Vitamin D Deficiency Highly Prevalent Among Epilepsy Patients

Caroline Cassels

December 06, 2007

December 6, 2007 (Philadelphia) — New research shows almost half of all patients with epilepsy are vitamin D deficient and suggests men are equally, if not more frequently, affected.


Presented here at the American Epilepsy Society 61st Annual Meeting, the study showed 44.5% of epilepsy patients — 45.3% of men and 43.7% of women — were vitamin D deficient, putting these patients at potential increased risk for a wide variety of conditions, including osteoporosis, autoimmune disease, cancer, cardiovascular disease, and infectious disease, among others.

"These results point out that vitamin D deficiency is very prevalent in the seizure population and that men are equally or even more often affected than women and therefore should not be overlooked or neglected," principal investigator Ioannis Karakis, MD, from Boston University School of Medicine, in Massachusetts, told Medscape Neurology & Neurosurgery.

The study's coinvestigator was Georgia Montouris, MD, also from Boston University School of Medicine.

According to Dr. Karakis, it is well-known that vitamin D deficiency in the general population is very common. In fact, he said, research by Michael F. Hollick, MD, PhD, also from Boston University School of Medicine, who is widely considered 1 of the top vitamin D researchers in the world, found that among a healthy group of physicians and residents, about one-third were vitamin D deficient (Tangpricha V et al. Am J Med. 2002;112:659-662).

More Risk Factors

According to Dr. Karakis, the investigators suspected vitamin D deficiency would be even higher in epilepsy patients, in large part because antiepileptic medications can affect vitamin D metabolism and lead to deficiency.

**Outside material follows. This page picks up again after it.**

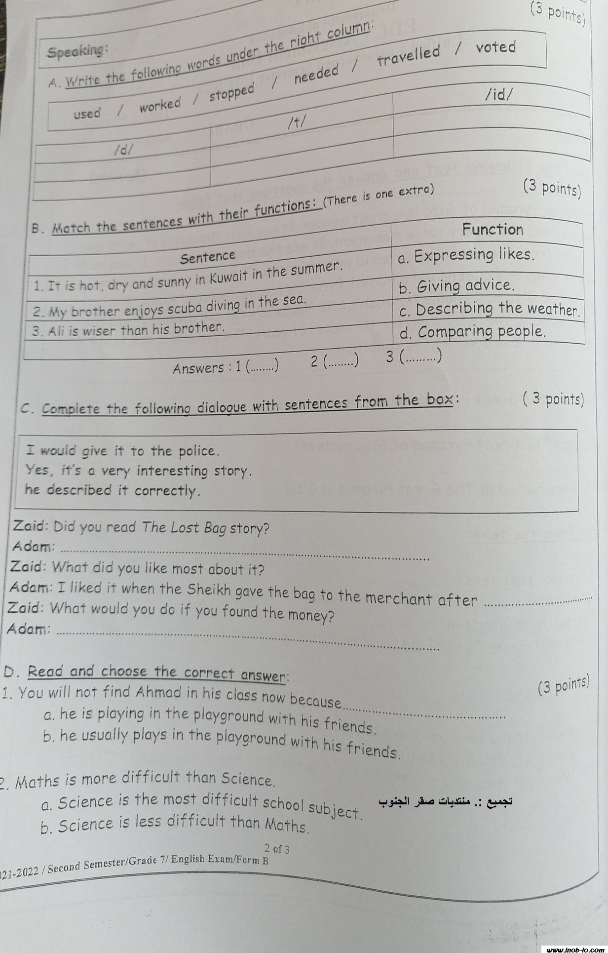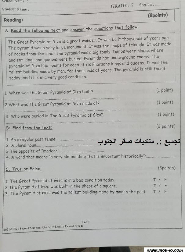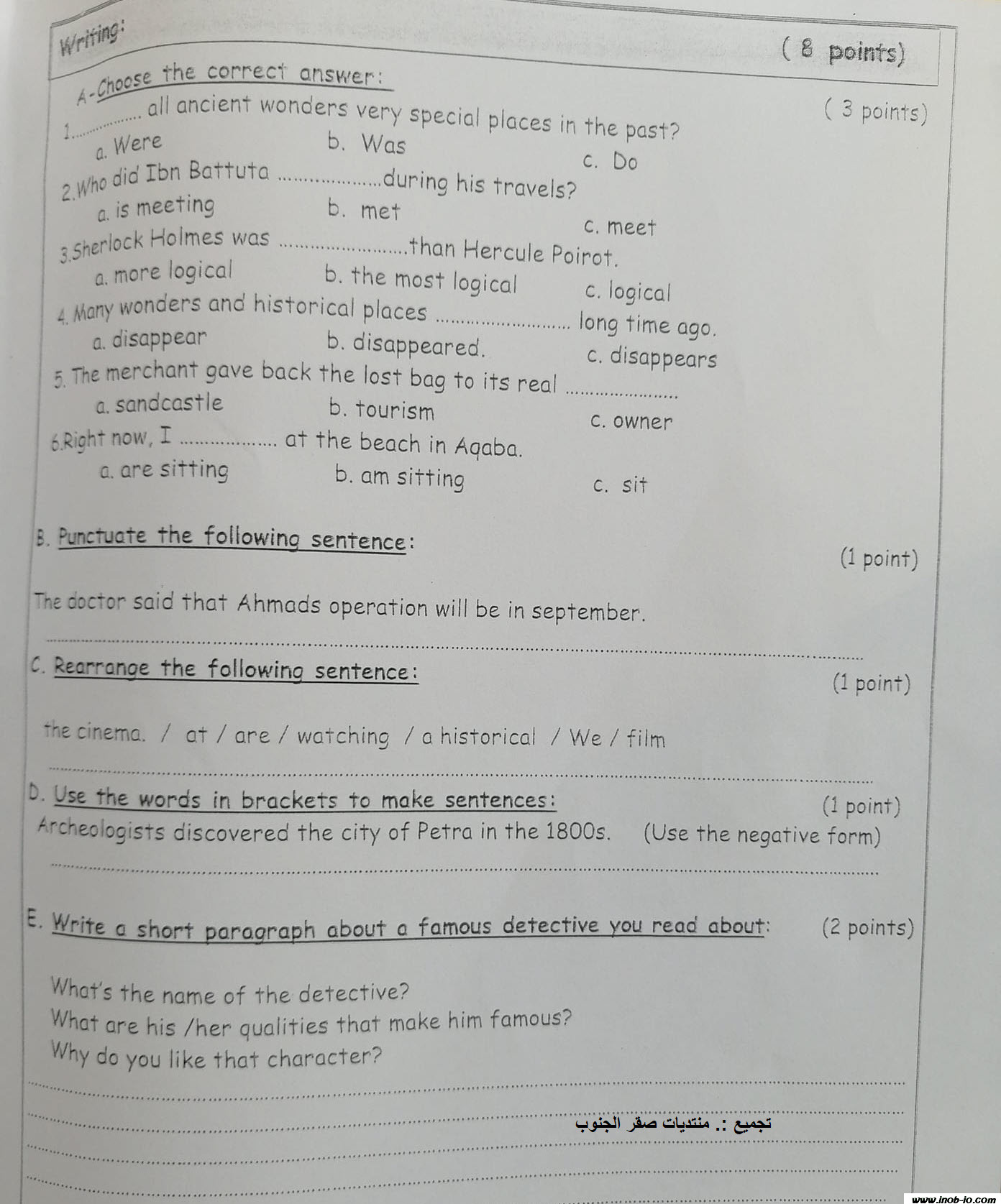 نموذج (الانروا):الاختبار النهائي لمبحث اللغة الإنجليزية للصف السابع السنوات سابقة أهلا وسهلا بكم زوارنا :) زوار :. موقع ومنتديات صقر الجنوب التعليمية :) نتمنى لكم كل المتعة والفائدة في موقعنا ;) -------------------------- ⬇️⬇️⬇️⬇️...

However, he said, patients with epilepsy often have other indirect risk factors that can predispose them to vitamin D deficiency, many of which relate to lifestyle changes due to their disease that limit sun exposure and physical activity and consequently impair their bone-mineral density.

"Being less ambulatory affects bone-mineral density, and staying indoors limits exposure to sunlight, which is a very important factor in vitamin D synthesis," said Dr. Karakis.

For the study, investigators measured 25-hydroxy-vitamin D levels in 285 ambulatory patients with a seizure disorder — 150 men and 135 women — attending a single-center seizure clinic.

Overall they found 44.5% (127) subjects had vitamin D deficiency, which was defined as serum levels of less than 20 ng/mL. When subjects were divided by sex, the study showed 45.3% (68) of men and 43.7% (59) of women had hypovitaminosis D.

All vitamin D deficient patients, said Dr. Karakis, were treated with 1 capsule of 50,000 IU of vitamin D2 per week for 8 weeks, at which time levels were rechecked. "Patients who were compliant experienced improvement," he said.

Men Deserve Equal Time

Dr. Karakis said it was somewhat surprising that vitamin D deficiency was more prevalent in men and highlights the need for clinicians to aggressively assess in this group of patients.

A subgroup analysis examined whether there was any difference in vitamin D deficiency–prevalence rates associated with monotherapy with enzyme-inducing antiepileptic drugs (EIAEDs) vs monotherapy with non–enzyme-inducing antiepileptics (NEIAEDs).

Practically speaking, said Dr. Karakis, NEIAEDs comprise the newer antiseizure medications, with the exception of valproate, an older AED that does not induce the hepatic cytochrome P450 system. Among the enzyme inducers, most are older agents, excluding oxcarbazepine, which is a partial enzyme inducer.

However, he said, with a prevalence rate of 46.2% and 34.2% for EIAEDs and NEIAEDs respectively, the difference was not very striking.

"The first indications from this study show that although the impact of non–enzyme-inducing antiepileptic medications on vitamin D levels is not as great [as EIAEDs], they still have an impact on bone health," said Dr. Karakis.

American Epilepsy Society 61st Annual Meeting: Abstract 3.337. November 30-December 4, 2007.